The Art of Less is More

Buddha figure holding an empty bowl

Reducing our consumption of plastics takes a reevaluation of our drive for material consumption in general.  How did we come to play into the powerful marketing message of more is better?  Who gave us the right to squander valuable resources in order to satisfy our craving for more stuff?   Are you ready to take your power back, find peace, and practice the art of living with less?

Anyone who knows me well is familiar with my cycles of getting rid of stuff.  I often find myself thinking a cluttered house is a cluttered mind, as every item in our home competes for our attention.  We have a designated space in our house to place donation items.  We periodically go through our belongings and weed out those things which haven’t been used in some time.  If it hasn’t been used in 6 months or a year, it usually goes.  That isn’t to say we have a perfectly tidy home.  If you stop by our house, you may see my son’s trains scattered on the living room floor or dishes on the counter waiting to be washed.  Having two small children, we have our share of disorganization.  To keep clutter at bay, we keep the amount of our possessions in check.  When you own less stuff, you have less to clean and maintain.  That seems logical and easy enough to put to practice, right?  Not necessarily.  We live in a society that is always pushing us to believe that buying more stuff will increase our level of happiness.  If anything, collecting more possessions seems to have the opposite effect.  Each time you bring an item into your home, you become responsible for its maintenance and ultimately its disposal.  It is easy to become burdened by all of this stuff.  I find that the answers to many of life’s questions can be found reflected in nature.  Referring to animals, Walt Whitman wrote, “Not one is dissatisfied, not one is demented with the mania of owning things, not one kneels to another, nor to his kind that lived thousands of years ago.”  When we stop measuring our value based what others have or think, we become free.  You aren’t a better person for wearing the latest fashion trends, owning a larger flat screen than your neighbor, or for buying your kids more toys.  I don’t see anything wrong with buying something new, but buy it for you and not to meet other people’s expectations of what you should like.  At our house, we try to follow the rule of “one in, one out”.  That is, when one new thing comes into the house, one thing must go out.

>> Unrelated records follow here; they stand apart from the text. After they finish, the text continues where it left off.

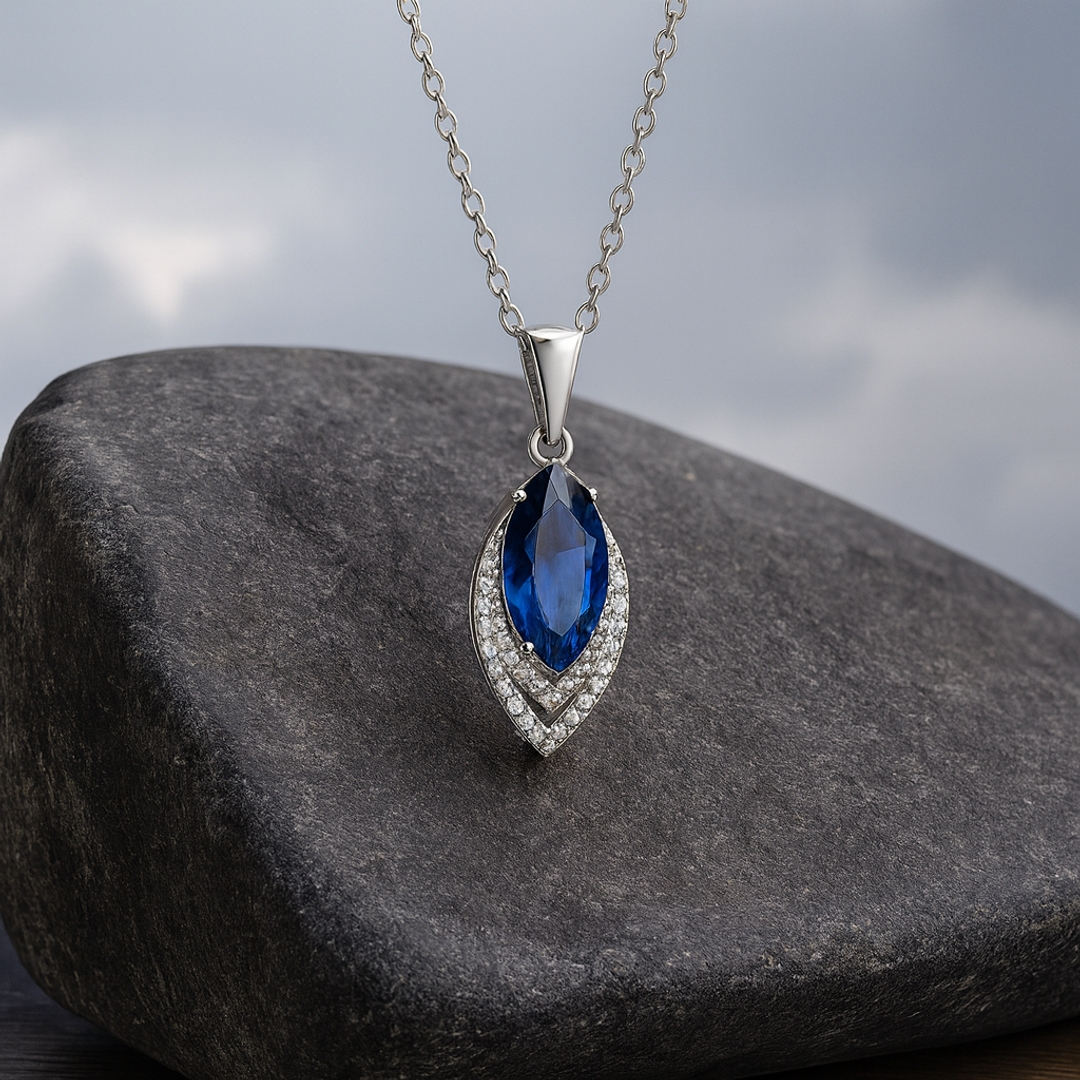 This stunning necklace is a true statement of classic elegance. It features a brilliant 1.12 carat natural blue sapphire, known for its rich and deep color. The sapphire is beautifully shaped in a striking marquise cut, framed by a halo of shimmering diamonds. The dazzling side diamonds with a total weight of 0.18 carats, are carefully set in an intricate bypass design. That enhances the sapphire’s brilliance. The pendant is crafted from elegant 18K white gold, which perfectly complements the cool tones of the blue sapphire and diamonds.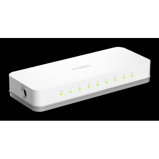 8-Port 10/100M  Desktop Switch - IEEE 802.3 10BASE-T - IEEE 802.3u 100BASE-TX compliance - Support Auto-Negotiation for each port - Support Half/Full-Duplex operations at 10/100Mbps. - Support back pressure at Half-Duplex operation - IEEE 802.3x Flow Control support. - Auto MDI/MDIX- D-link Green - D-Link Green power saving Technology.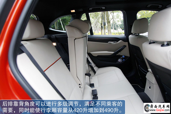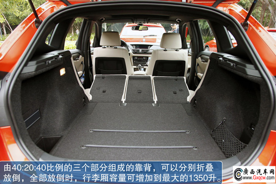 雖然X1的體積很小巧,不過在內部空間功能性上一點也不含糊。與很多正規(guī)SUV一樣,它的空間使用靈活多變。后排靠背角度可以進行多級調節(jié),滿足不同乘客的需要,同時能使行李廂容量從420升增加到490升。此外,由40:20:40比例的三個部分組成的靠背,可以分別折疊放倒,以適應不同成員數(shù)量、不同尺寸行李物品的實際需要,后排靠背全部放倒時,行李廂容量可增加到最大的1350升。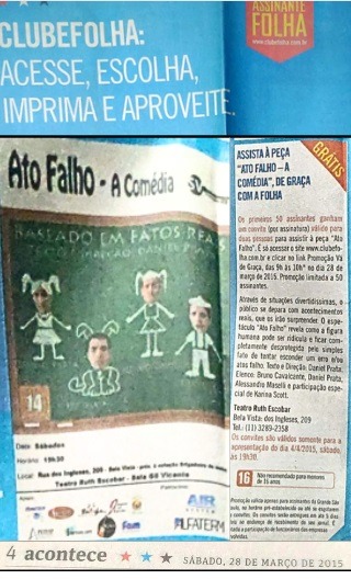 Jornal Folha de São Paulo - Ilustrada/ acontece - Março/2015 - pág.04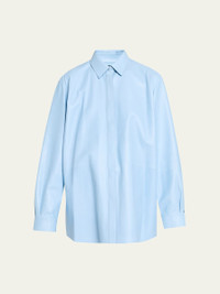 TOM FORD shirt jacket is crafted from supple calfskin leather Point collar; concealed button front Long sleeves; button cuffs Yoked back Loose fit Shirttail hem Leather Made in Italy Online Inquiries: BGS21_BAU3V| Store Inquiries: #5277421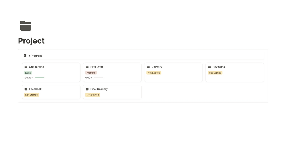 Divide your project into multiple stages (eg, Onboarding, Delivery, Feedback, Revisions, etc)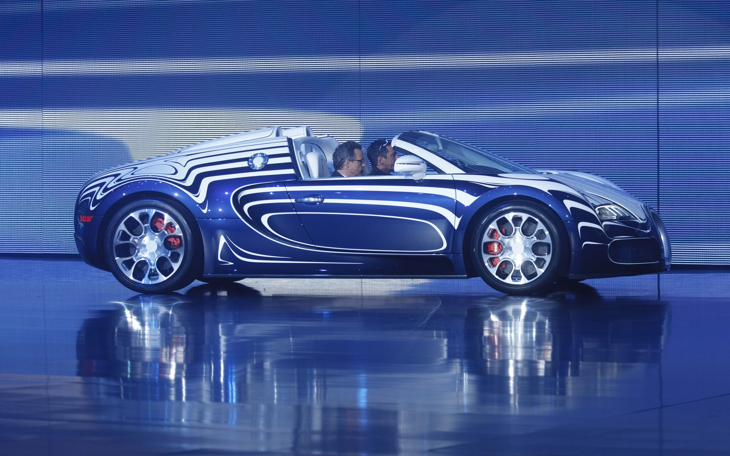 Description: A blue sports car with a man in the driver's seat in front of a blue background with a blue wall.

If decluttering is new to you, I suggest that you start small.  If you purge too much too quickly, you are likely to rebound with a shopping spree.  Take it slowly and start with one drawer or one room.  Allow yourself time to unlearn what you’ve been taught as a consumer.  Letting things go might feel uncomfortable at first if you’ve given them too much power in your life.  You are not what you own.  Your value isn’t based on the things you possess.  Your memories live in you, not in your things.  I’ll end with a quote by John December, author of Live Simple, “Take the attitude that you will live in the world, rather than accumulate parts of it.”